• [Problem to solve] Starting with the line that has "三人位左扶手+三人位右扶手:2800*1040*710mm" in the records below and stopping after the line that has "Габаритные размеры в", output every line exactly and nothing else; skip pictures.

• [Available records]
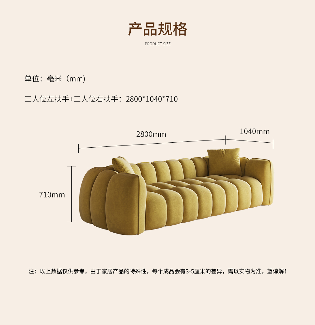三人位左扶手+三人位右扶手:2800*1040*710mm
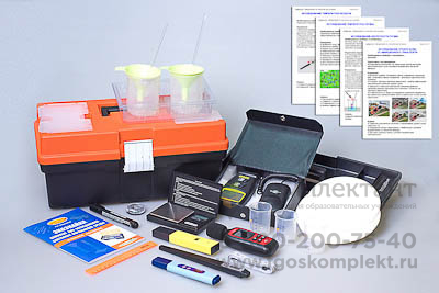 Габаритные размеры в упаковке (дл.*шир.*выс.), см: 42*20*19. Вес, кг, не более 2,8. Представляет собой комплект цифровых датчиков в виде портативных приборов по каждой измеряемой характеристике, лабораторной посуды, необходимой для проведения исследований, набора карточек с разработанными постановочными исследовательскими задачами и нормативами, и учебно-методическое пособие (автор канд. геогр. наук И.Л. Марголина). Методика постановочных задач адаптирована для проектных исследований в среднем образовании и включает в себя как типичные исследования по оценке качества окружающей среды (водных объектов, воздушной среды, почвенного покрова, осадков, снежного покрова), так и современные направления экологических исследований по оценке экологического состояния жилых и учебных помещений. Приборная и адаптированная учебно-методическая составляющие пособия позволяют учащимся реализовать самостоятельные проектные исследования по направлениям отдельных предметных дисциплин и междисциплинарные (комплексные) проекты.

--

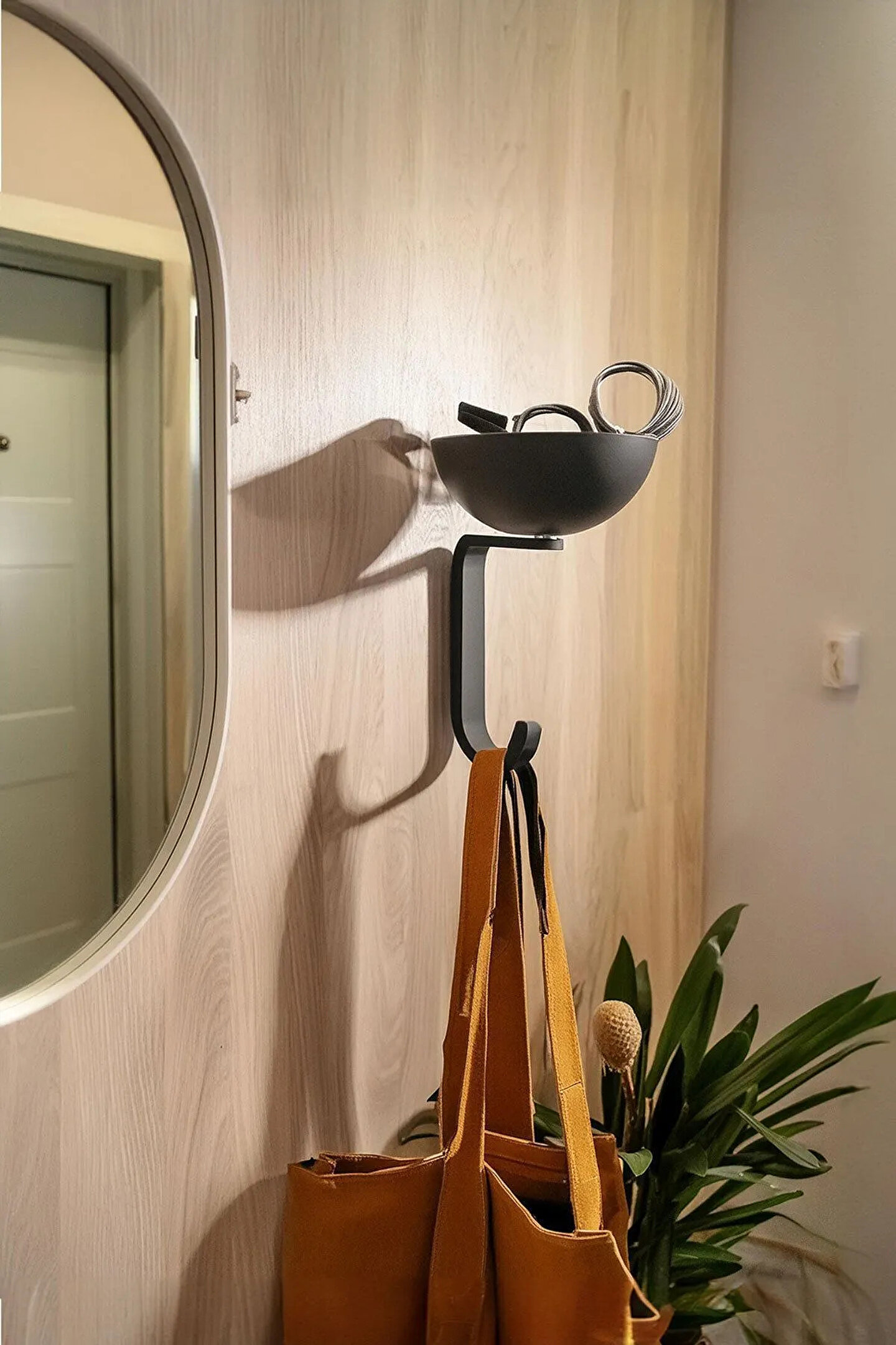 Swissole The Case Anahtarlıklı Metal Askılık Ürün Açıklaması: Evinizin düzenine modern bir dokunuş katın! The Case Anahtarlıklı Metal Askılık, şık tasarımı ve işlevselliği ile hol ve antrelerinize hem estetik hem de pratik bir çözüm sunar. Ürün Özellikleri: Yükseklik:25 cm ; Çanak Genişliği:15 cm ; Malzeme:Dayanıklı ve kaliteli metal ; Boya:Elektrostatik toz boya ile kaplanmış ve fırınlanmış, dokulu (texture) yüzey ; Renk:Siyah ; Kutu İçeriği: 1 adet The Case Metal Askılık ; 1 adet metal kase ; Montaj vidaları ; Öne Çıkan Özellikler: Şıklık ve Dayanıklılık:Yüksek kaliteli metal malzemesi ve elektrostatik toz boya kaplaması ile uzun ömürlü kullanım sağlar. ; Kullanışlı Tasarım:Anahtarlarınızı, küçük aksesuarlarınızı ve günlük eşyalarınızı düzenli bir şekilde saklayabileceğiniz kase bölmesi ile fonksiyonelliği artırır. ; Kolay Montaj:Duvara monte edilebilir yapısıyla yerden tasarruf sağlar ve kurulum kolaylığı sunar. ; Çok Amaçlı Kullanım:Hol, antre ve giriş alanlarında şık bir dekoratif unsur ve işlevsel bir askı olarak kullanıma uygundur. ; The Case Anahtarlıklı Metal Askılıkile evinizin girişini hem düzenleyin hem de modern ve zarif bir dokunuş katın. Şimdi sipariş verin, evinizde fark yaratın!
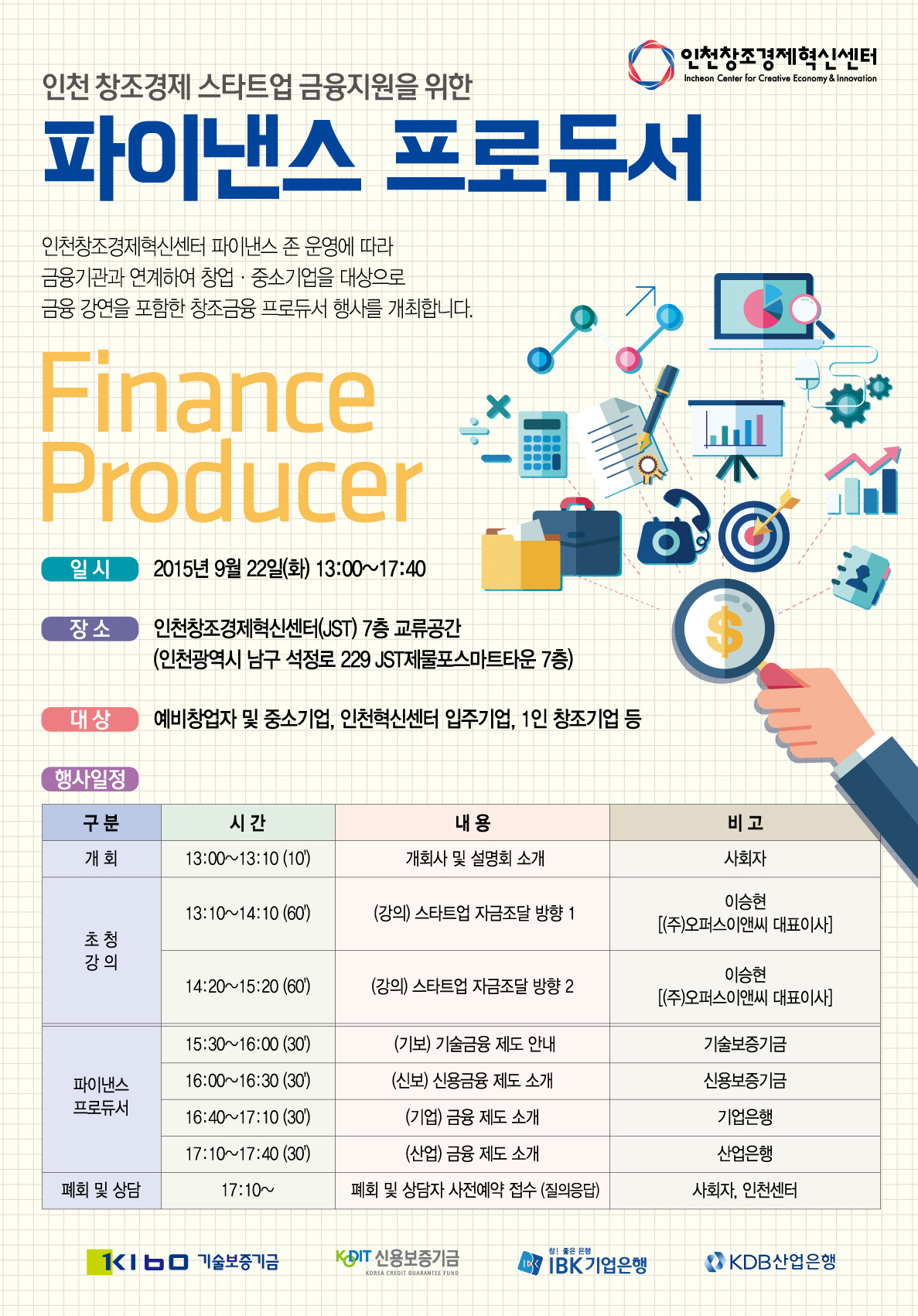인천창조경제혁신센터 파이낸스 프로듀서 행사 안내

• [Finished exercise]
三人位左扶手+三人位右扶手:2800*1040*710mm
 Габаритные размеры в упаковке (дл.*шир.*выс.), см: 42*20*19. Вес, кг, не более 2,8. Представляет собой комплект цифровых датчиков в виде портативных приборов по каждой измеряемой характеристике, лабораторной посуды, необходимой для проведения исследований, набора карточек с разработанными постановочными исследовательскими задачами и нормативами, и учебно-методическое пособие (автор канд. геогр. наук И.Л. Марголина). Методика постановочных задач адаптирована для проектных исследований в среднем образовании и включает в себя как типичные исследования по оценке качества окружающей среды (водных объектов, воздушной среды, почвенного покрова, осадков, снежного покрова), так и современные направления экологических исследований по оценке экологического состояния жилых и учебных помещений. Приборная и адаптированная учебно-методическая составляющие пособия позволяют учащимся реализовать самостоятельные проектные исследования по направлениям отдельных предметных дисциплин и междисциплинарные (комплексные) проекты.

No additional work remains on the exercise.